> **Exercise material**
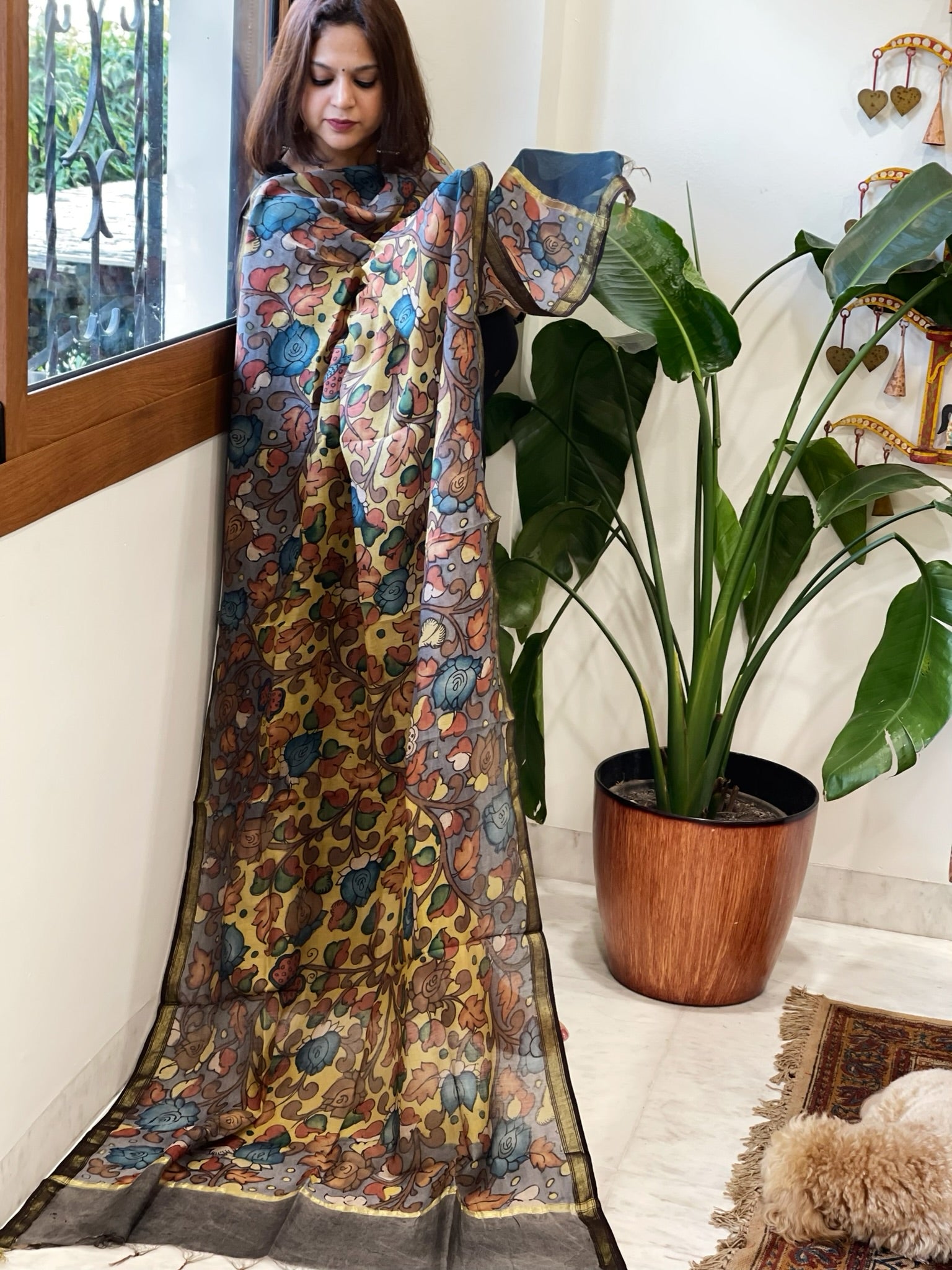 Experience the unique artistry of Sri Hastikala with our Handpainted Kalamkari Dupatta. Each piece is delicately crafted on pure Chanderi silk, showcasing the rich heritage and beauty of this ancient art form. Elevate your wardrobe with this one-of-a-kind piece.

---

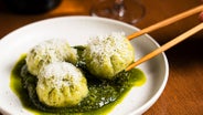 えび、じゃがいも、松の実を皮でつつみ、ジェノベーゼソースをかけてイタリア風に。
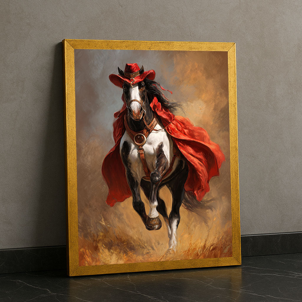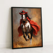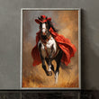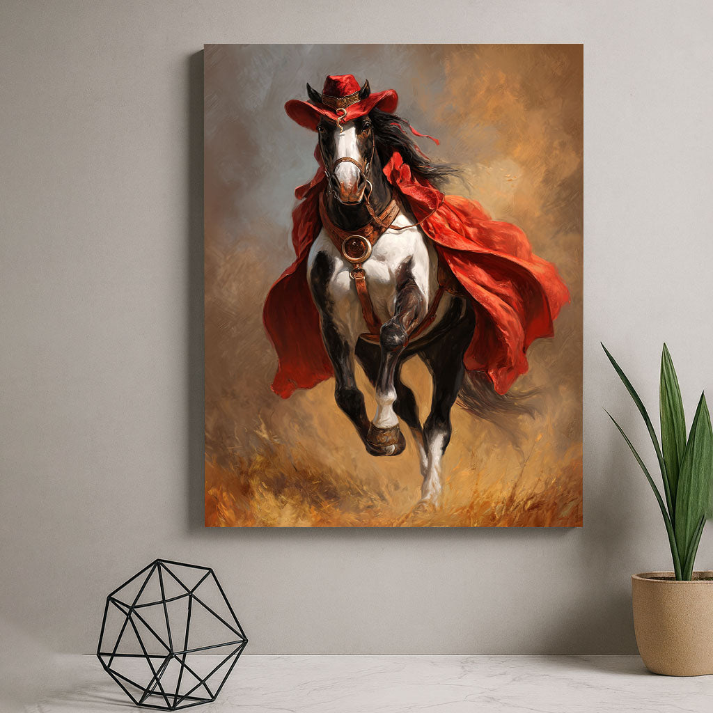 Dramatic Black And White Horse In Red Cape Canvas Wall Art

> **Problem statement**
With the pictures removed from your copy, retype the lines above from the one that contains "えび、じゃがいも、松の実を皮でつつみ、ジェノベーゼソースをかけてイタリア風に。" through the one that contains "Dramatic Black And", exactly.

> **Output**
 えび、じゃがいも、松の実を皮でつつみ、ジェノベーゼソースをかけてイタリア風に。
 Dramatic Black And White Horse In Red Cape Canvas Wall Art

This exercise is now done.